Is the Aristo RDC scale length or is it shortened? It looks kind of short to me.


----------



## GaryY (Jan 2, 2008)

To answer your question...yes...the Aristo RDC has been 'selectively compressed'... 
I assume to handle curves, switches etc, but still contains the essential elements of the original such as number of windows and the proper placement of the roof exhaust etc. I think they are an excellent diesel. 


I am an RDC fan and according to a review in GR magazine a couple of years ago, the Aristo RDC-1 measures 31 3/4" long; 4 1/8" wide; 6 1/2" wide. I wrote these figures down because I wanted to build a shelf to hold mine when I bought it.
This works out to 76'-9"long x 10'wide and 15' 8-1/2" high in proto size or about 8 feet shorter than the real thing.

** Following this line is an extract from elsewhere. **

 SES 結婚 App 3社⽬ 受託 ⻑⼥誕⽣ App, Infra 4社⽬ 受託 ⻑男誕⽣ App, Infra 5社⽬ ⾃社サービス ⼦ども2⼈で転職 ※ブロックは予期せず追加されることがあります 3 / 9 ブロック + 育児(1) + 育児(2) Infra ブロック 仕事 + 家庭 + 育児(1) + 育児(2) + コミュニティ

The prototypes were 85 ft in length as they were patterned after Budd's stainless steel passenger cars. There were RDC 1, 2 3,4, 9 (or 5) various configurations made... all 85ft except the RDC 4 which was built for RPO use and was only 72 ft long.

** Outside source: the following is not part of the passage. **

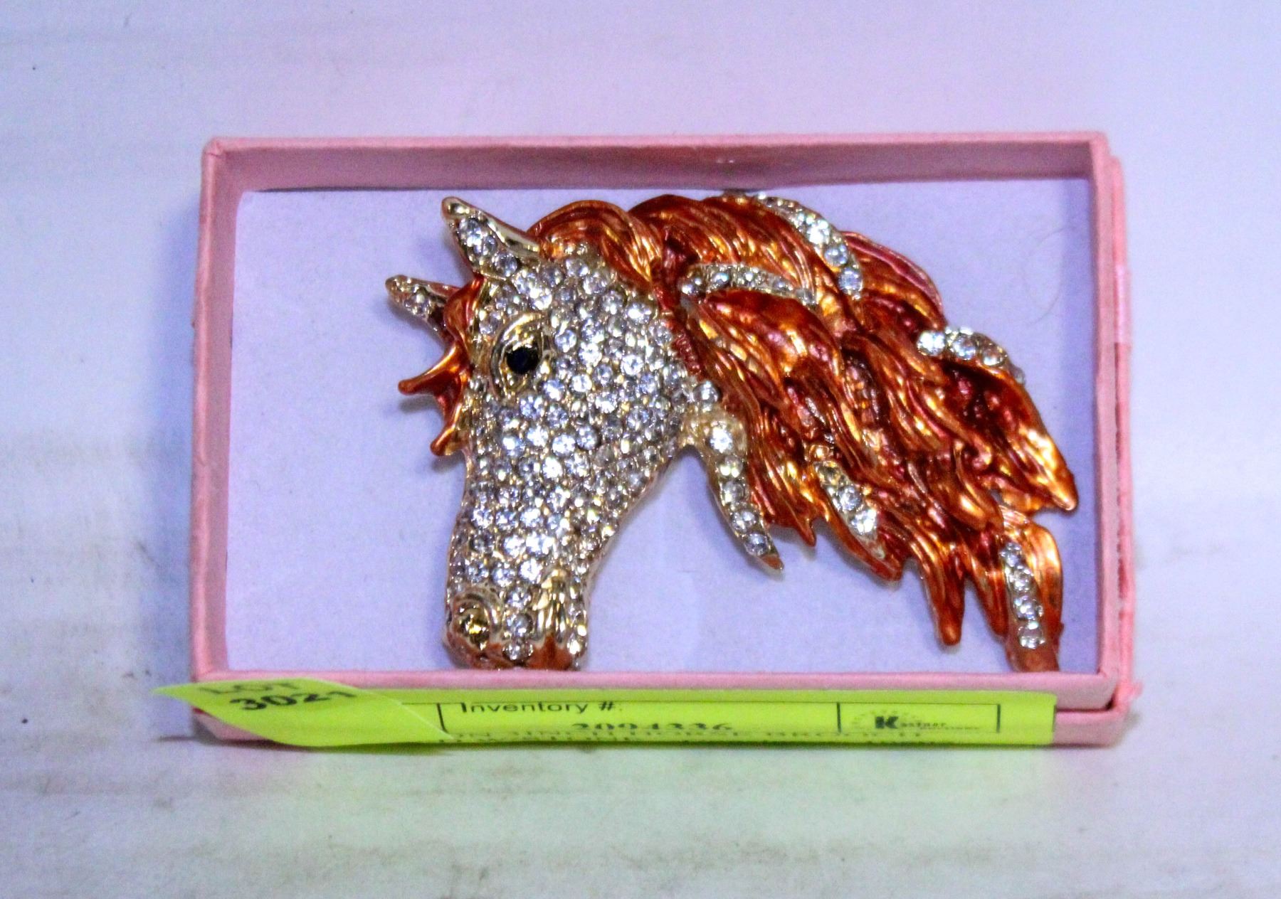 FASHION 3INCH HORSE BROOCH FILLED W/STONE

Aristo is coming out with an RDC-3 soon which was the half baggage, half passenger model.

Hope this helps

Gary


----------



## aceinspp (Jan 2, 2008)

Also the 1 to 1 cars were 14ft 7 inches high top of rail head to the exhaust stack. I have two of the RDCs now and really like them will be getting the RDC 3 when they arrive. Make for a nice 3 car set. Later RJD


----------



## cvngrr (Apr 28, 2008)

Thanks!

8 feet is not that much, maybe it looks short to me because it is too tall.


----------



## Bill Swindell (Jan 2, 2008)

I have 2 of them. They are certainly long enough to look substantial.


----------



## GaryY (Jan 2, 2008)

Posted By cvngrr on 12/22/2008 8:21 AM
 Thanks!

8 feet is not that much, maybe it looks short to me because it is too tall.





FYI The Aristo RDC scale height very closely matches (if not exactly) the prototype 14'7" height that RJD provided... 

Gary


----------